▸ DATASET EXTRACT:
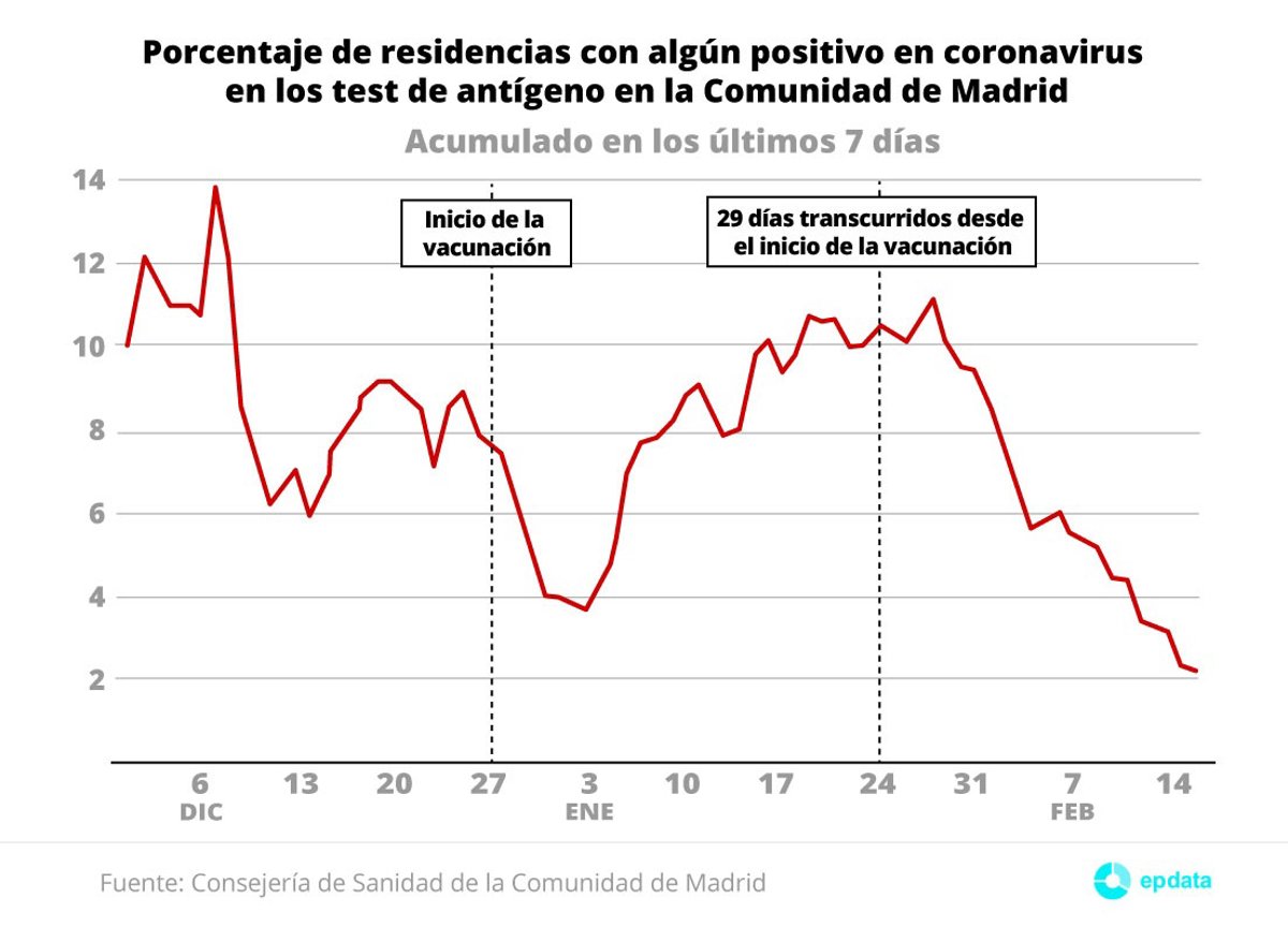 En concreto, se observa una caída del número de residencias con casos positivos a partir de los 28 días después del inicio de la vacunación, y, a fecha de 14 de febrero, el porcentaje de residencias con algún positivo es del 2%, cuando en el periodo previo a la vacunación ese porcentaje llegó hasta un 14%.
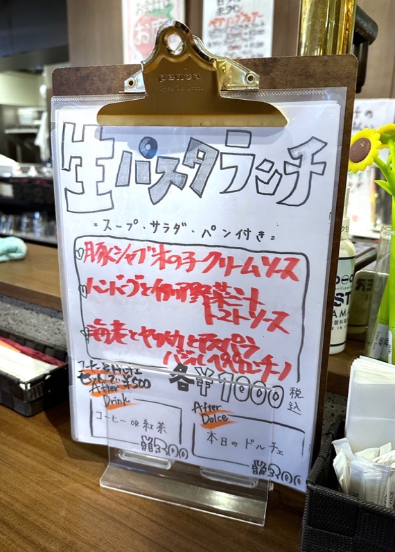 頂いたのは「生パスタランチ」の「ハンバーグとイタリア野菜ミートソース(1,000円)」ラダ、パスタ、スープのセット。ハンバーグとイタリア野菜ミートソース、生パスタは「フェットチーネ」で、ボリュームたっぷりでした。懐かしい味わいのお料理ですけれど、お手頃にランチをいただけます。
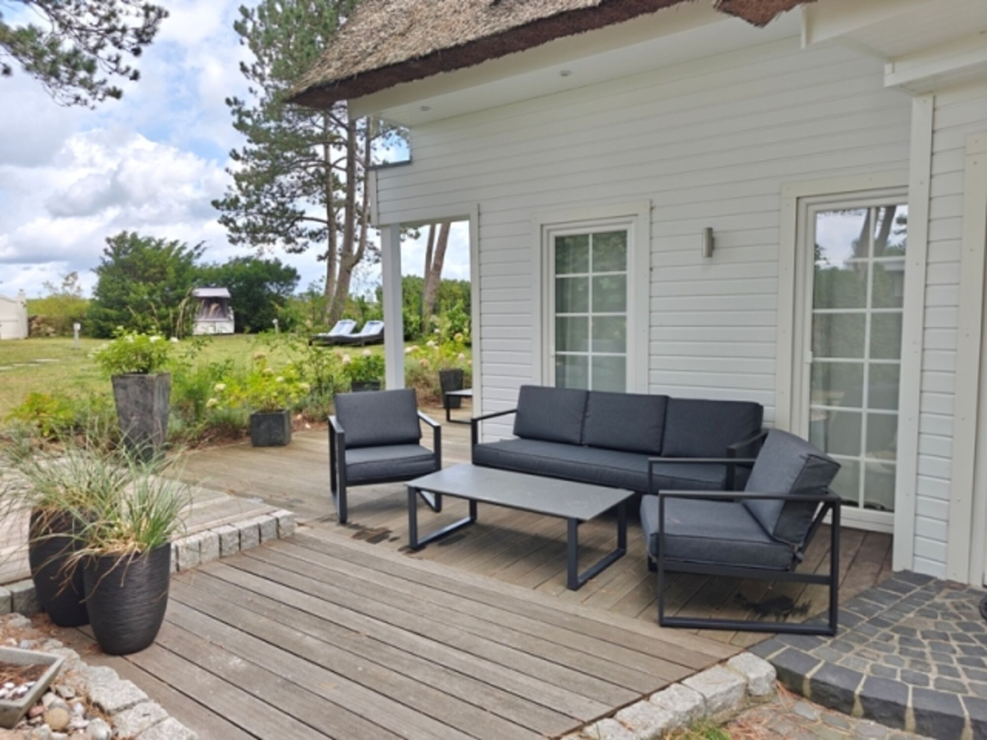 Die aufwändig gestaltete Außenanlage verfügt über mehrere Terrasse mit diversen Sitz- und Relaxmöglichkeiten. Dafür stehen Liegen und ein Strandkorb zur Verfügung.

* * *

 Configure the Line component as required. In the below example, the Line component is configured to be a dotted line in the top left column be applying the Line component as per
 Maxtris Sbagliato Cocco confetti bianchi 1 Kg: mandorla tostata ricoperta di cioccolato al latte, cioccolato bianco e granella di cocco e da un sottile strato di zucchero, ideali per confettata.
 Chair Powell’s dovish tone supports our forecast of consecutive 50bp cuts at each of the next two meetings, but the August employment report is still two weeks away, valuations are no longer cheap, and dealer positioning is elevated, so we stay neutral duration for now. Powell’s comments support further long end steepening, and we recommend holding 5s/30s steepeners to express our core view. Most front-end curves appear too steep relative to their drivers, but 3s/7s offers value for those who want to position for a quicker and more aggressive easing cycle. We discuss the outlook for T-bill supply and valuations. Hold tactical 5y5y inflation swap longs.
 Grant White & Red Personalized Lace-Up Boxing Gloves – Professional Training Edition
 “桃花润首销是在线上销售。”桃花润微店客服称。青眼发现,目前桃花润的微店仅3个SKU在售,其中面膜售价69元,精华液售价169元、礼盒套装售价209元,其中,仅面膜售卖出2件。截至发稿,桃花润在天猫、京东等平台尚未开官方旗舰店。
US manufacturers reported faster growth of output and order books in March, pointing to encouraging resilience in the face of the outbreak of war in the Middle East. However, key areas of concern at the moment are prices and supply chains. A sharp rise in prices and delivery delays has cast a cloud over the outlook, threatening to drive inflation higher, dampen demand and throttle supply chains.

▸ WHAT THE TASK REQUIRES: Within the entries above, give again exactly the lines starting at the one that contains "頂いたのは「生パスタランチ」" and ending at the one that contains "Die aufwändig gestaltete", leaving out the pictures.

▸ EXERCISE SOLUTION:
 頂いたのは「生パスタランチ」の「ハンバーグとイタリア野菜ミートソース(1,000円)」ラダ、パスタ、スープのセット。ハンバーグとイタリア野菜ミートソース、生パスタは「フェットチーネ」で、ボリュームたっぷりでした。懐かしい味わいのお料理ですけれど、お手頃にランチをいただけます。
 Die aufwändig gestaltete Außenanlage verfügt über mehrere Terrasse mit diversen Sitz- und Relaxmöglichkeiten. Dafür stehen Liegen und ein Strandkorb zur Verfügung.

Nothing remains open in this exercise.